= Exercise brief =
Return, unchanged and with no pictures, the lines below from the very first through the one that contains "No momento do".

= Data for this task =
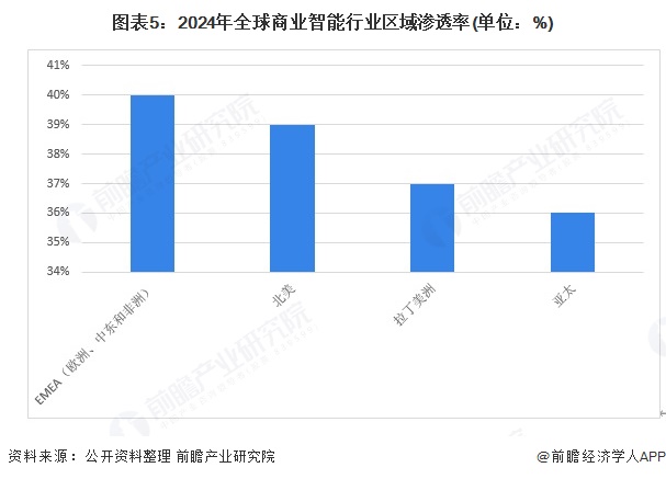 全球商业智能行业在不同区域渗透情况有较大差异,2024年EMEA(欧洲、中东和非洲)的BI普及率最高(40%),其次是北美、拉丁美洲和亚太地区。
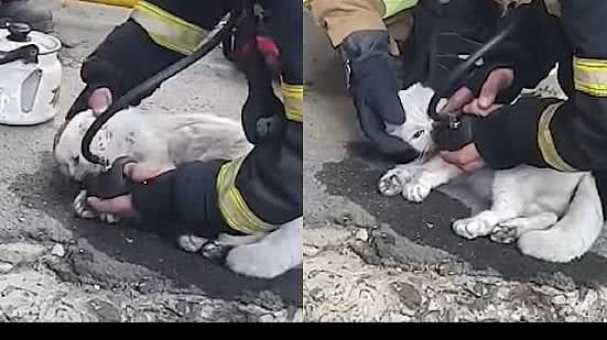 No momento do resgate, o animal não mostrava sinais de vida e então foi levado para fora do edifício, onde recebeu os primeiros socorros.
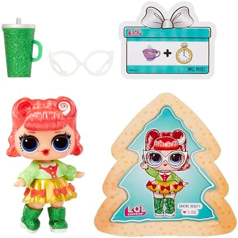 Introducing L.O.L. Surprise! Holiday Surprise- Baking Beauty! Baking Beauty is ready to celebrate her favorite winter holidays in style! Both Baking Beauty and Miss Merry love gift shopping for their besties, sipping hot cocoa, and making snow angels! Baking Beauty is ready to ring in the new year in glittery style with sparkling fashions, shoes, bottle, accessories, ornament ball, sticker, and secret message! Baking Beauty comes with a water surprise! Will yours spit, cry, or tinkle? Feed them to find out! Includes: (1) 1 Limited edition L.O.L. Surprise! Holiday Present Surprise doll; (2) Outfit; (3) Shoes; (4) Bottle; (5) Accessory; (6) Sticker; (7) Secret Message; (8) Ornament Ball. LOL Surprise collectible dolls with stylish hair, fun to dress outfits and many detailed accessory pieces make a perfect toy and playset for kids including 4- to 7-year-olds and up girls and boys for imaginative pretend play! As birthday gifts and gift for any special occasion, dolls provide hours of social play with siblings and friends! From MGA Entertainment, creators of LOL Surprise fashion and collectible dolls, Rainbow High fashion dolls, Na Na Na Surprise dolls, Bratz fashion dolls, MGA’s Dream Ella fashion dolls, MGA’s Glitter Babyz baby dolls, Lalaloopsy, Poopsie Surprise girls dolls, Baby Born Surprise Baby Dolls and Collectibles, Little Tikes kids toys and many other favorite brands.
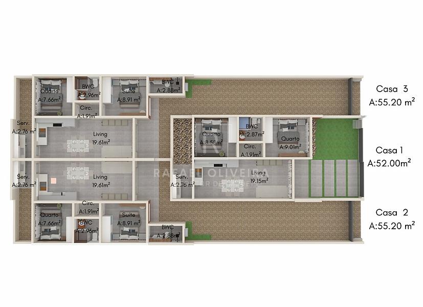 • Plantas Inteligentes: Opções de 2 dormitórios (sendo 1 suíte nas casas 2 e 3) com metragens de 52m² a 55,20m² privativos.
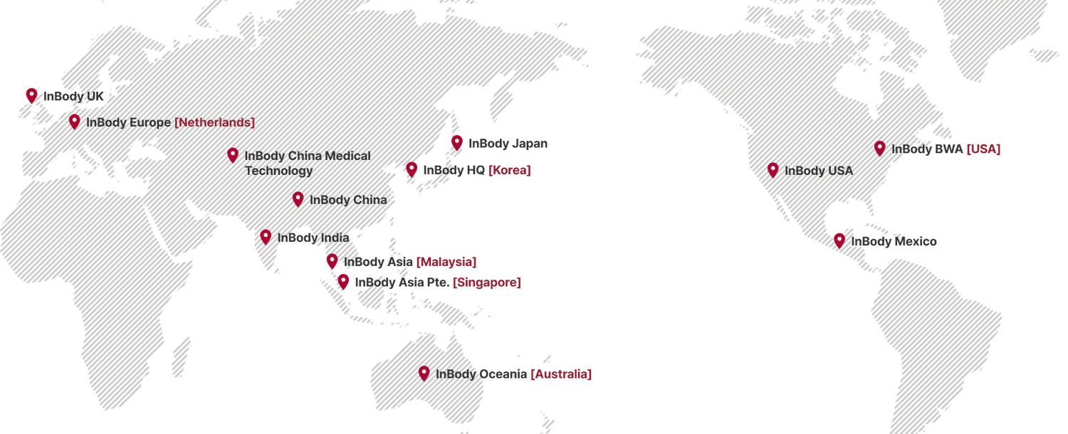 As a global enterprise, InBody is located in over 80 countries around the world. Over 70% of the total revenue is generated from exports. Aside from the headquarters office, InBody Co., LTD, located in South Korea, subsidiaries are located in USA, China, Japan, India, Europe, Malaysia and Oceanian Regions. It takes priority in keeping a close and healthy relationship with its agents worldwide.
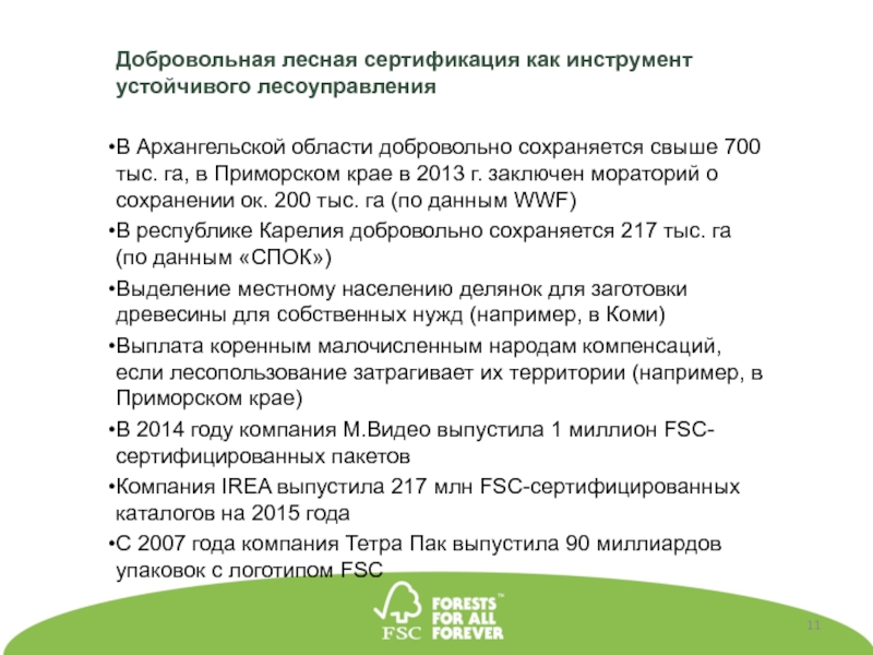 8 компаний из ТОП-10 лесопромышленных компаний России имеют сертификат FSC
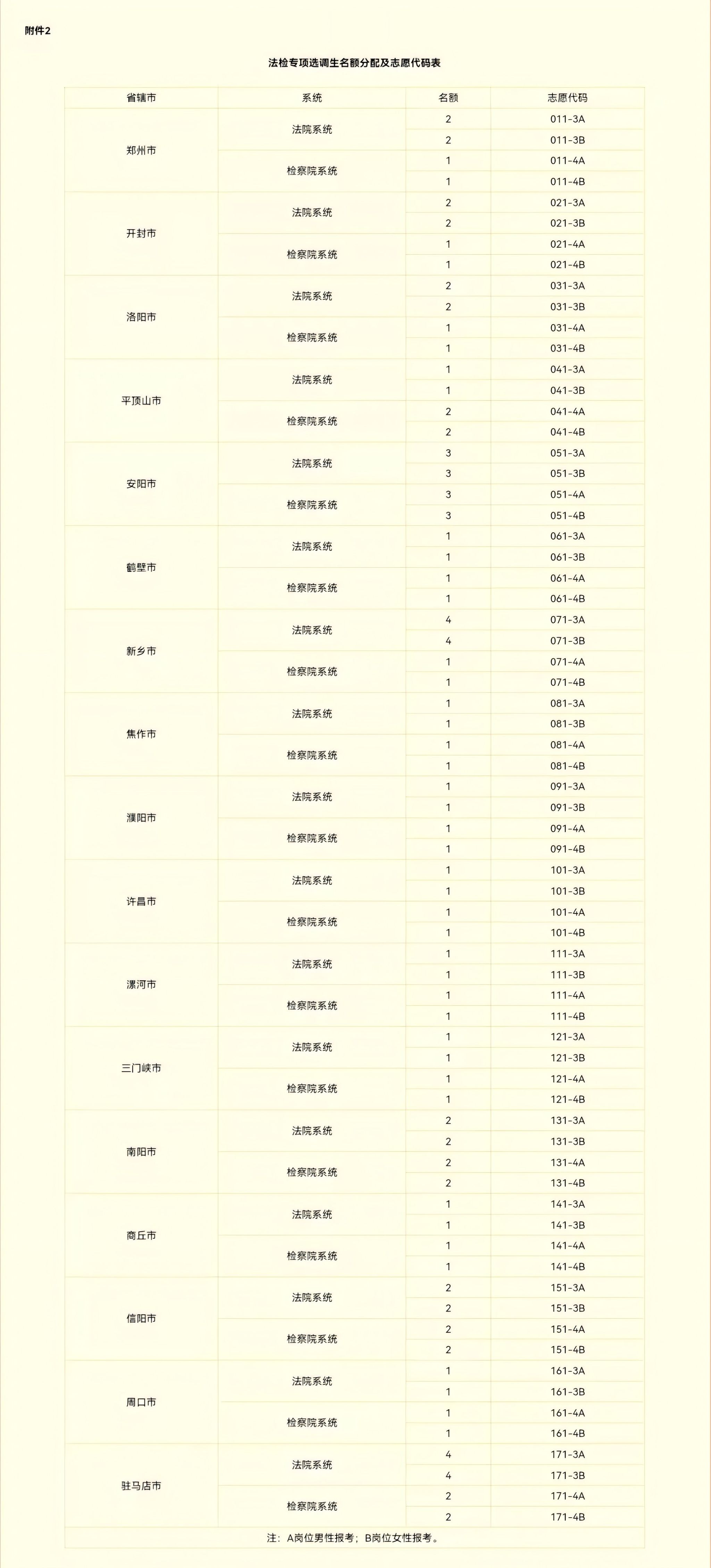 各省辖市(含济源示范区、郑州航空港区,下同)招录名额见附件1、2。

= Response to this exercise =
 全球商业智能行业在不同区域渗透情况有较大差异,2024年EMEA(欧洲、中东和非洲)的BI普及率最高(40%),其次是北美、拉丁美洲和亚太地区。
 No momento do resgate, o animal não mostrava sinais de vida e então foi levado para fora do edifício, onde recebeu os primeiros socorros.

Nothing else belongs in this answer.